First, here are the Dodecad Spanish:
And, the Behar et al. (2010) Spaniards:
And, the HGDP French Basque:
Notice that they are composed almost entirely of "West European" and "Mediterranean" components.

Here is IBS:
Notice a few individuals that resemble Basques. I haven't found a description of the origin of the IBS individuals, but I would wager that a few Basque individuals are included, that resemble their French co-ethnics.

32 comments:

Onur Dincer said...

6 of the 46 IBS samples genetically resemble the HGDP French Basques. Spain has a population of 46 million, of which about 2.3 million are Basques. If IBS samples were collected based on demography, probably only 2 of the 6 Basque-resembling individuals of IBS are actually Basques and the remaining 4 individuals are from the Romance-speaking ethnic groups of Spain.

Maju said...

You'd have to test in another way: one in which non-Basque Spaniards and Basques are clearly different, in the examples show neither is clearly defined: they just look neither this nor that: 50-50 something else than themselves (undefined).

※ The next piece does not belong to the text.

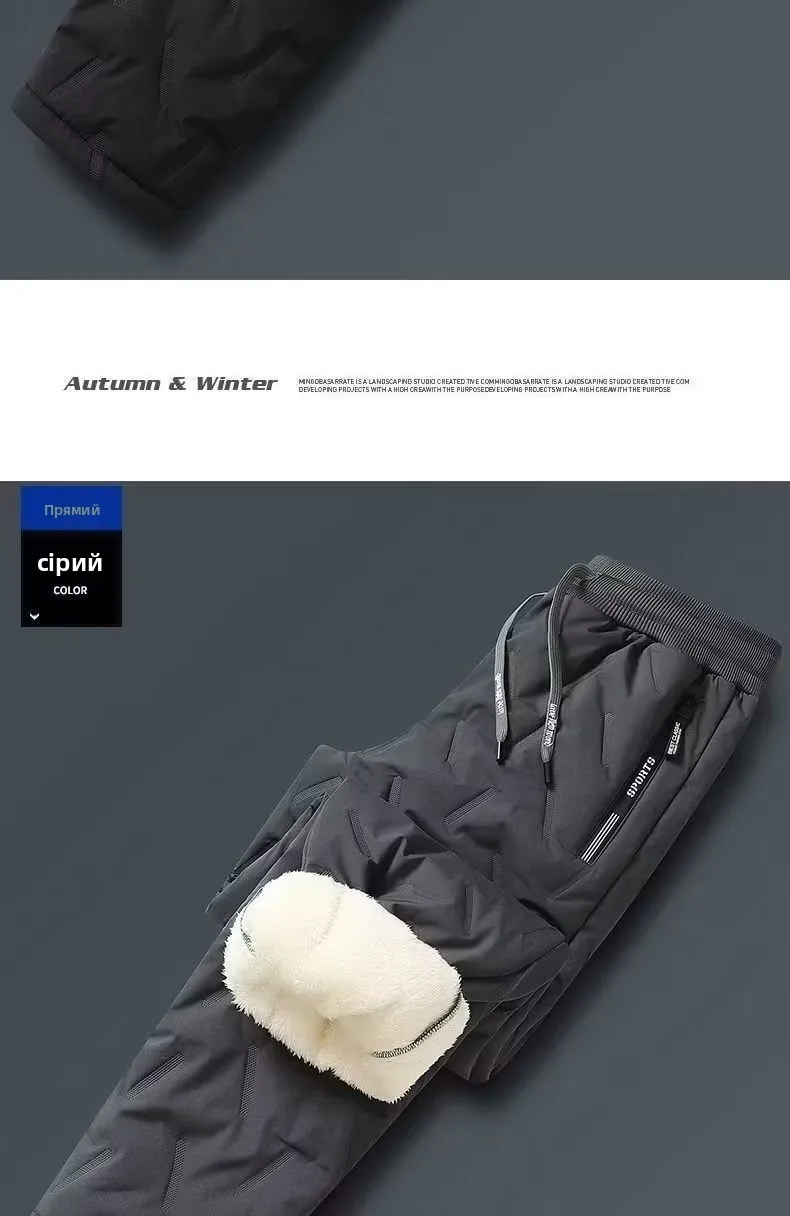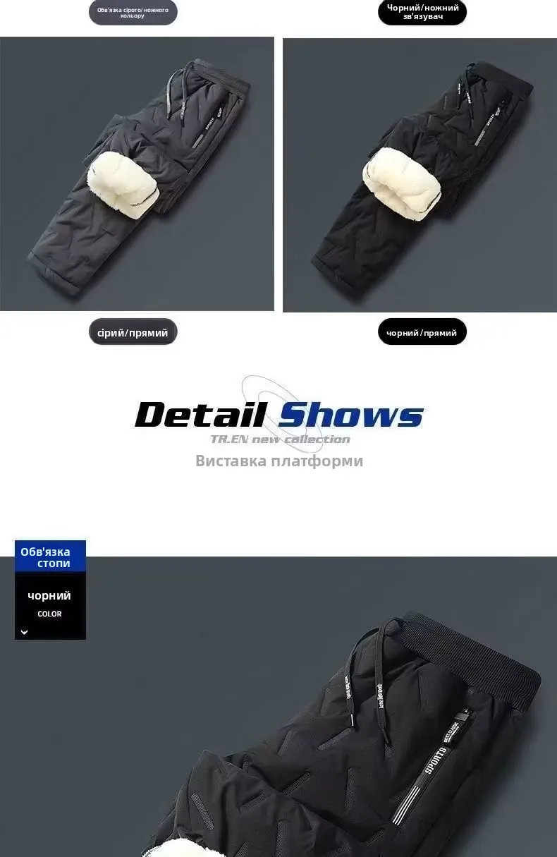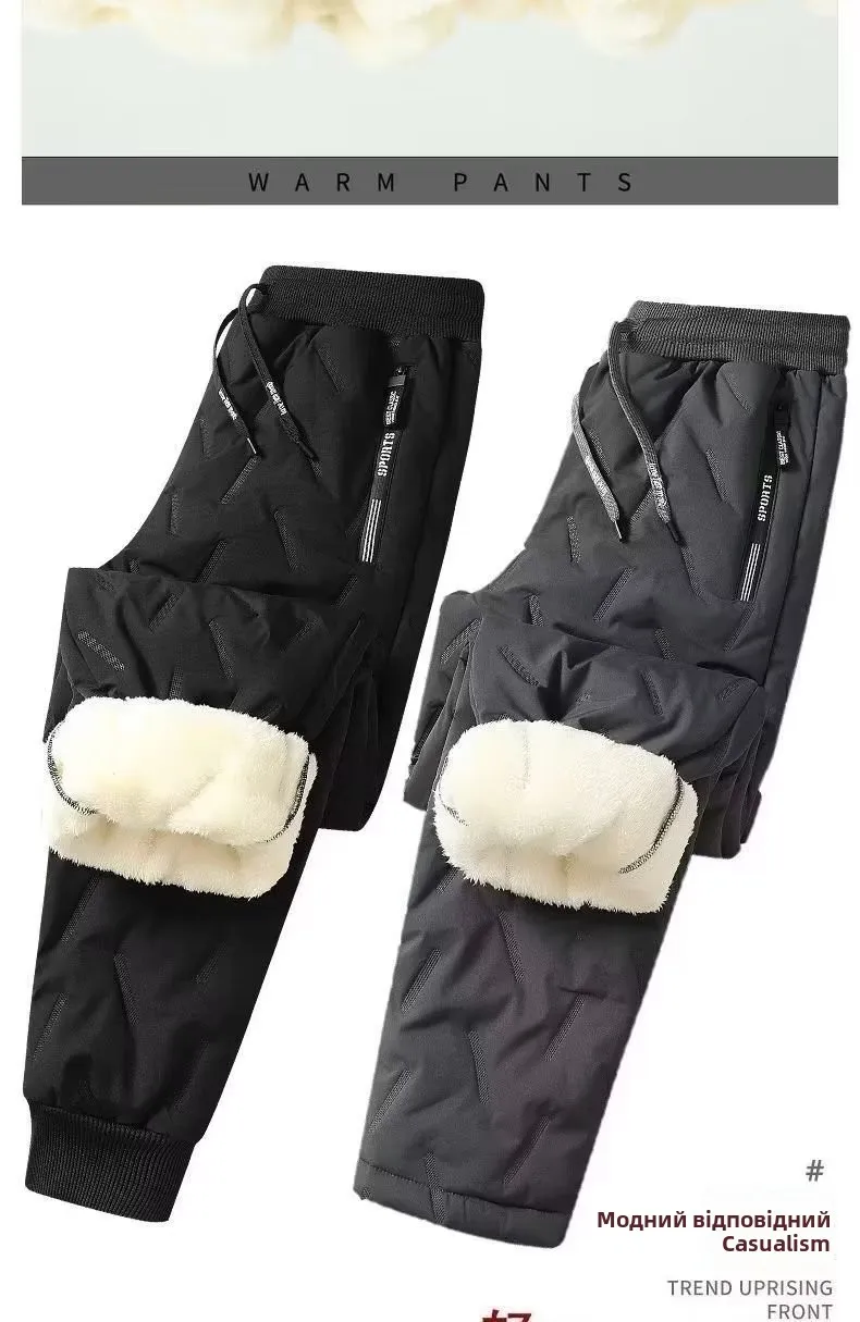 Men's Winter Thiened Fce Lined down Cotton Pants Casual Snowy Work Trousers Warm Lamb Velvet Long Pants Faion Urban Sle

Just because they have some or none third party admixture (? affinity better)does not say they are Basques or of Basque ancestry, they might well be other group of mostly unmixed people from somewhere else in Iberia.

We know from Bauchet 2007 (and maybe others) that Basques and Iberians cluster in two different components of their own, so what are you waiting to check that 1 vs 1 (K=2 should be enough) before making odd claims? Do you fear to find something you do not like?

The third party affinities most obvious among Spaniards, are NW African (Berber), SW Asian (Arab) and West Asian, these only indicate transmediterranean admixture (?) not automatic Basqueness. They may be related but they are not any safe bet. You should make direct 1 vs 1 comparisons before jumping to any conclusions.

Onur Dincer said...

6 of the 46 IBS samples genetically resemble the HGDP French Basques. Spain has a population of 46 million, of which about 2.3 million are Basques. If IBS samples were collected based on demography, probably only 2 of the 6 Basque-resembling individuals of IBS are actually Basques and the remaining 4 individuals are from the Romance-speaking ethnic groups of Spain.

Addendum: If we remove the 5-6 million foreign immigrant population in Spain from 46 million, then probably 3 of the 6 Basque-resembling IBS individuals are Basques.

᧞eandertalerin said...

Dienekes, could you reveal where do the other individuals in the sample come from? Are individuals 10 to 16 in the IBS sample Basques too? Does the 'IBS' include iberians from all regions?

eurologist said...

@Maju:
"they might well be other group of mostly unmixed people from somewhere else in Iberia"

I agree - I believe it is very likely that before Roman times, much of Iberia was "unmixed" as the Basque look today.

dalouh said...

what is exactly Neo_African ?

Onur Dincer said...

Are individuals 10 to 16 in the IBS sample Basques too?

The 10th individual doesn't genetically resemble Basques, well, at least the genetically known Basques.

Isidro said...

Well, technically the Basques living south of the Pyrenees belong to the Iberian Peninsula classification like the rest of the IBS group showing.
Indeed 10 to 16 resemble the French Basque no mystery there, they are the same ethnic group.If anything it shows isolation emanating from the Pyrenees to the rest of Iberia with up to 10% of a conglomerate of the so called outsiders to the area showing in non Basques.
In my case, the Dodecad K12 shows exactly that.Born in Aragon, adjacent east of the Basque area and my 3 main components are 32% Basque (with no Basque ancestry)30% northern European and 19% Sardinian.
Ideally if we created a map with the results of IBS from Basque with the rest of France and Spain, it would show clearly that there is no mystery there.

Kepler said...

Unmixed? What about Greeks along the Mediterranean?
Alicante? Ampurias? Rosas? Málaga?
Phoenicians with Cartagena, Cádiz?
My J2 haplogroup (about >10% along the coast, if I remember well) could come from that, if it was not from Romans or Jews later on.
That is hardly seen in the Basque country

Maju said...

Kepler: just for the record, there were no archaeologically confirmed Greek colonies south of Emporion in Iberia. There was Greek trade from Marseilles (and dependencies) but no Greek colonies.

Phoenician colonies were limited to a few spots in the Andalusian coast, notably Cádiz but also Málaga (that you misattribbute to Greeks) and other several locations. Only in the late period (Barcid empire, betwen the two Punic wars) there was some phoenician penetration inland.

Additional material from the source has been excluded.